The version of my server MySQL is: 5.1.66-0+squeeze1 (Debian). This database was created automatically by the Piwik setup script.

Here is what I tried to fix this problem:

#1 First I checked the database charset.

> show table status;

The 26 tables has the collation utf8_general_ci which sounded quite normal. I guessed mysqldump exported in a different charset (latin1?) So I tried:

mysqldump -u user -p**** --all-databases --default-character-set=utf8 | gzip -9 > dump.sql.gz

Result = I still had the same strange characters.

Note) later I learned that the default charset for mysqldump is utf8, regardless of server default charset. So --default-character-set=utf8 was useless.

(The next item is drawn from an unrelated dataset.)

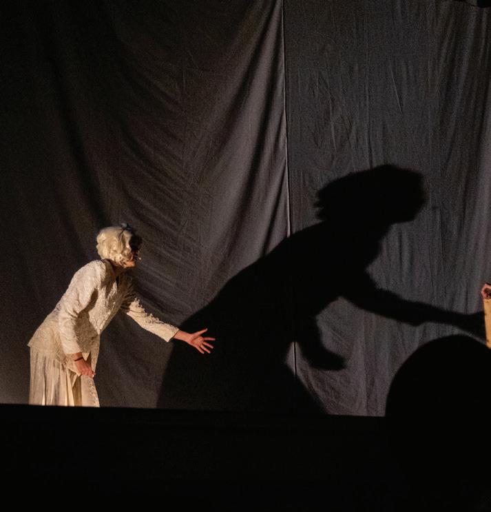 captivating scenery, including wing frescos and a fully mobile scene wagon; Emy Holden costumed and provided wigs for a cast exceeding 30 students (some costumes contributed by Patty Hibbert), and Ethan Swayze led the charge in collaborating with Emy Holden on the excellent light design and sound effects, which were ultimately executed by himself and an incredibly hard-working crew of student technicians.
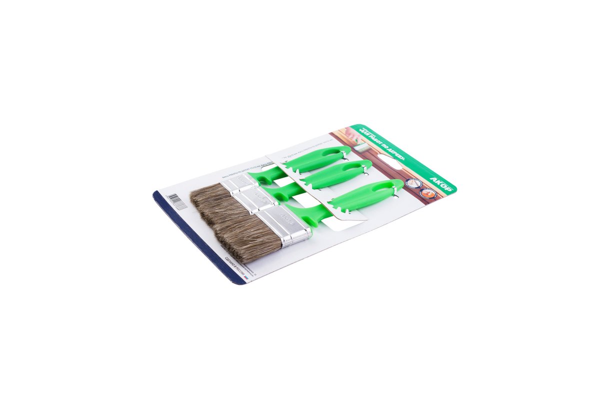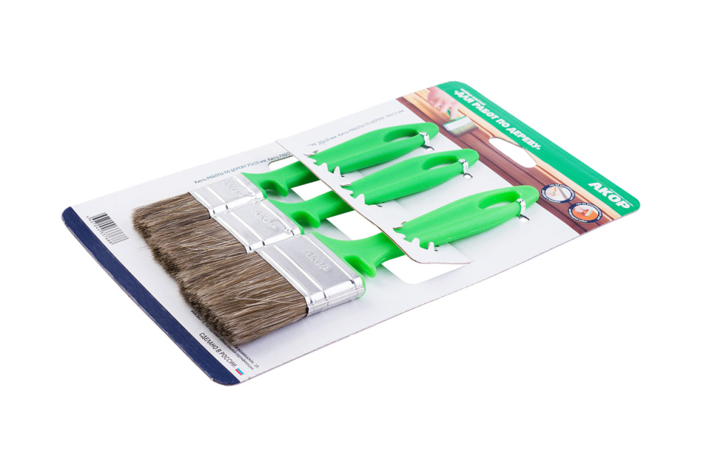 Набор малярных кистей Акор предназначен для работы с деревом. Он идеально подходит для окрашивания, грунтовки и покрытия лаком различных поверхностей.

#2 Then I thought I could solve the problem by updating the mysql conf. The original conf was:

mysql> show variables like "%character%";show variables like "%collation%";

+--------------------------+----------------------------+
| Variable_name            | Value                      |
+--------------------------+----------------------------+
| character_set_client     | latin1                     |
| character_set_connection | latin1                     |
| character_set_database   | latin1                     |
| character_set_filesystem | binary                     |
| character_set_results    | latin1                     |
| character_set_server     | latin1                     |
| character_set_system     | utf8                       |
| character_sets_dir       | /usr/share/mysql/charsets/ |
+--------------------------+----------------------------+
+----------------------+-------------------+
| Variable_name        | Value             |
+----------------------+-------------------+
| collation_connection | latin1_swedish_ci |
| collation_database   | latin1_swedish_ci |
| collation_server     | latin1_swedish_ci |
+----------------------+-------------------+

So I updated /var/lib/mysql/my.cnf and I added:

[mysqld]
init_connect='SET collation_connection = utf8_general_ci'
init_connect='SET NAMES utf8'
character-set-server=utf8
collation-server=utf8_general_ci
default-character-set=utf8
default-collation=utf8_general_ci

[mysqldump]
default-character-set=utf8

Then

/etc/init.d/mysql restart
mysql> show variables like "%character%";show variables like "%collation%";

+--------------------------+----------------------------+
| Variable_name            | Value                      |
+--------------------------+----------------------------+
| character_set_client     | utf8                       |
| character_set_connection | utf8                       |
| character_set_database   | latin1                     |
| character_set_filesystem | binary                     |
| character_set_results    | utf8                       |
| character_set_server     | utf8                       |
| character_set_system     | utf8                       |
| character_sets_dir       | /usr/share/mysql/charsets/ |
+--------------------------+----------------------------+
+----------------------+-------------------+
| Variable_name        | Value             |
+----------------------+-------------------+
| collation_connection | utf8_general_ci   |
| collation_database   | latin1_swedish_ci |
| collation_server     | utf8_general_ci   |
+----------------------+-------------------+

Result = same strange characters.

#3 I changed character_set_database and collation_database:

mysql> ALTER DATABASE piwik default character SET utf8 collate utf8_general_ci;

mysql> show variables like "%character%";show variables like "%collation%";

+--------------------------+----------------------------+
| Variable_name            | Value                      |
+--------------------------+----------------------------+
| character_set_client     | utf8                       |
| character_set_connection | utf8                       |
| character_set_database   | utf8                       |
| character_set_filesystem | binary                     |
| character_set_results    | utf8                       |
| character_set_server     | utf8                       |
| character_set_system     | utf8                       |
| character_sets_dir       | /usr/share/mysql/charsets/ |
+--------------------------+----------------------------+
+----------------------+-----------------+
| Variable_name        | Value           |
+----------------------+-----------------+
| collation_connection | utf8_general_ci |
| collation_database   | utf8_general_ci |
| collation_server     | utf8_general_ci |
+----------------------+-----------------+

Result = same strange characters.

#4 I understand now I should have changed the default character set in MySQL (latin1) to utf8 before creating the database.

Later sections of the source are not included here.